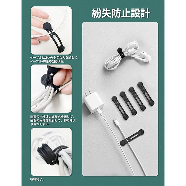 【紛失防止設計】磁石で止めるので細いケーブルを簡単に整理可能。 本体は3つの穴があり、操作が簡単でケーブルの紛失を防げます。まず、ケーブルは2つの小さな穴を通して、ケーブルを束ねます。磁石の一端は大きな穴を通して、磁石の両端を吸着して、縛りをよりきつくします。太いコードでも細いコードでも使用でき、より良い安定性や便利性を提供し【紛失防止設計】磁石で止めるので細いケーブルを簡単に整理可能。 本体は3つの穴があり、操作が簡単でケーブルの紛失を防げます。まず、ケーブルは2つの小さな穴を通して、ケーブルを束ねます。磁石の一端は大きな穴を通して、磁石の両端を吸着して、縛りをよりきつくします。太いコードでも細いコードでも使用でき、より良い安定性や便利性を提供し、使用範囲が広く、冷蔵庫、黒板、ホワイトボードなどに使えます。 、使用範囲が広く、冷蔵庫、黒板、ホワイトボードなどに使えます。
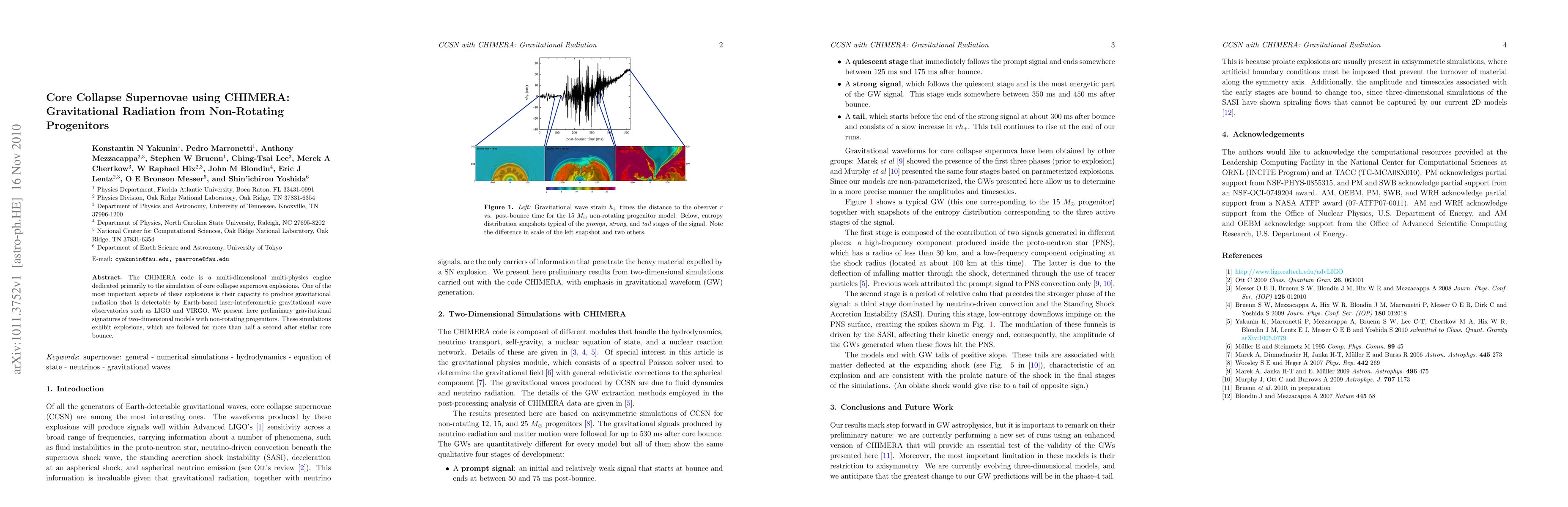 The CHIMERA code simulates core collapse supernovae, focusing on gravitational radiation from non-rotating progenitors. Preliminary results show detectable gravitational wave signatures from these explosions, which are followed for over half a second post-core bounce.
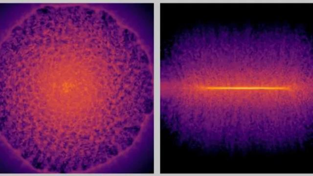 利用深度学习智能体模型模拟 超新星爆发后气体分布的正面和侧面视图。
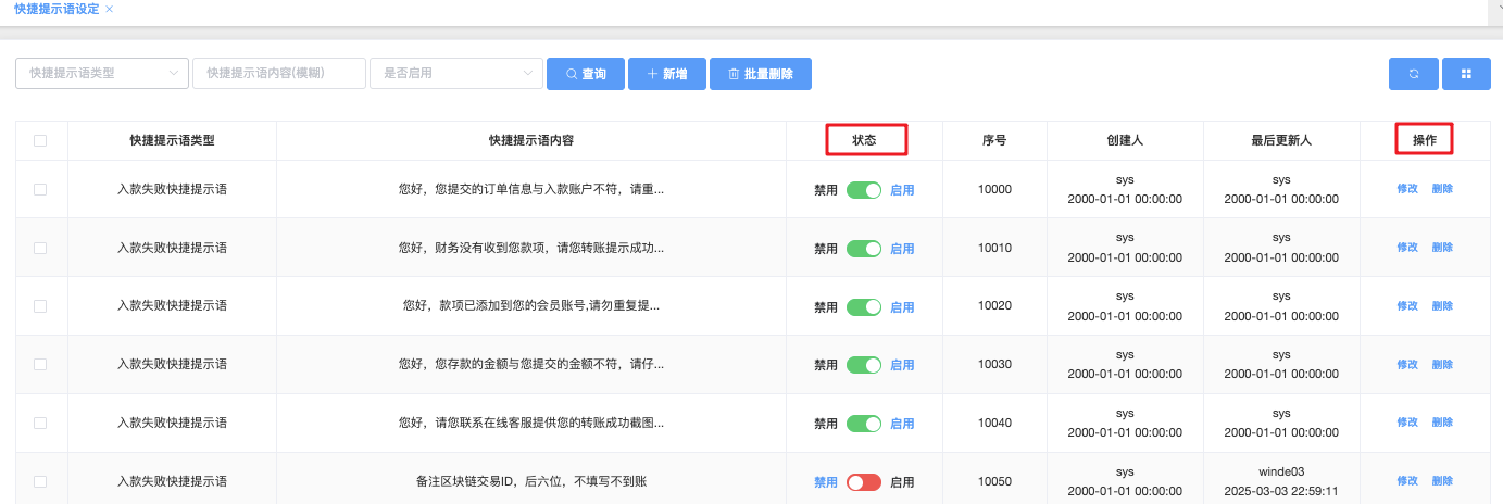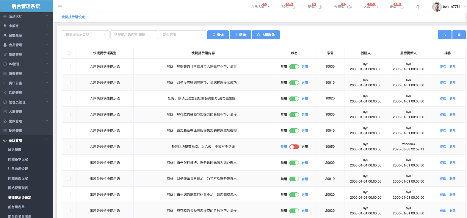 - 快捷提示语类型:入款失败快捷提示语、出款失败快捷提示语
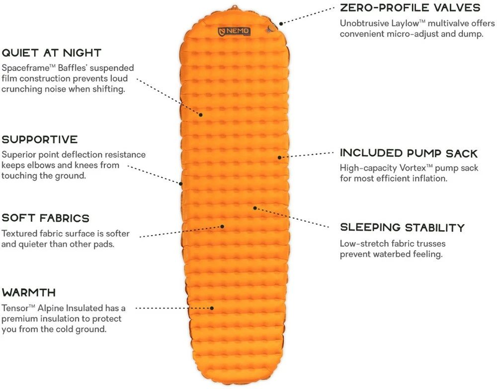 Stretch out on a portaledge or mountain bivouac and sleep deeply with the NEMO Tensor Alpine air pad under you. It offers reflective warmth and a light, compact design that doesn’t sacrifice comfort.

---

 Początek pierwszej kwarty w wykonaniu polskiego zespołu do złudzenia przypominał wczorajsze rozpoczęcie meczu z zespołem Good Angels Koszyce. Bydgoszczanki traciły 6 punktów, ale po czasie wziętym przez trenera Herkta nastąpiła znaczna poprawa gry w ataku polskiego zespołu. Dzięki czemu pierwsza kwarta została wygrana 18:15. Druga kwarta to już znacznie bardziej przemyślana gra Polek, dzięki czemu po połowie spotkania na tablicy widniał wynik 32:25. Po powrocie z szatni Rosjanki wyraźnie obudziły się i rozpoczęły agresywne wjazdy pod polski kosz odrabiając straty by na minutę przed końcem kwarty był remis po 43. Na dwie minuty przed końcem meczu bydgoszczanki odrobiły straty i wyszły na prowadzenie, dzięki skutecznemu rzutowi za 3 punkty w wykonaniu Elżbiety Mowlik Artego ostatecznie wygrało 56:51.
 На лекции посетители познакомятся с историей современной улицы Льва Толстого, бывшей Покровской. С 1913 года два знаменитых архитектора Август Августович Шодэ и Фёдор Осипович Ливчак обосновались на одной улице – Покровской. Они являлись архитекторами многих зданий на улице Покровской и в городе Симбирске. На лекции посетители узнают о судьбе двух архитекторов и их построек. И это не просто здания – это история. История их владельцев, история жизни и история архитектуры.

* _About this exercise_
Look above for the line containing "Początek pierwszej kwarty" and the line containing "На лекции посетители познакомятся". Transcribe both, with the lines between them, exactly.

* _Exercise result_
 Początek pierwszej kwarty w wykonaniu polskiego zespołu do złudzenia przypominał wczorajsze rozpoczęcie meczu z zespołem Good Angels Koszyce. Bydgoszczanki traciły 6 punktów, ale po czasie wziętym przez trenera Herkta nastąpiła znaczna poprawa gry w ataku polskiego zespołu. Dzięki czemu pierwsza kwarta została wygrana 18:15. Druga kwarta to już znacznie bardziej przemyślana gra Polek, dzięki czemu po połowie spotkania na tablicy widniał wynik 32:25. Po powrocie z szatni Rosjanki wyraźnie obudziły się i rozpoczęły agresywne wjazdy pod polski kosz odrabiając straty by na minutę przed końcem kwarty był remis po 43. Na dwie minuty przed końcem meczu bydgoszczanki odrobiły straty i wyszły na prowadzenie, dzięki skutecznemu rzutowi za 3 punkty w wykonaniu Elżbiety Mowlik Artego ostatecznie wygrało 56:51.
 На лекции посетители познакомятся с историей современной улицы Льва Толстого, бывшей Покровской. С 1913 года два знаменитых архитектора Август Августович Шодэ и Фёдор Осипович Ливчак обосновались на одной улице – Покровской. Они являлись архитекторами многих зданий на улице Покровской и в городе Симбирске. На лекции посетители узнают о судьбе двух архитекторов и их построек. И это не просто здания – это история. История их владельцев, история жизни и история архитектуры.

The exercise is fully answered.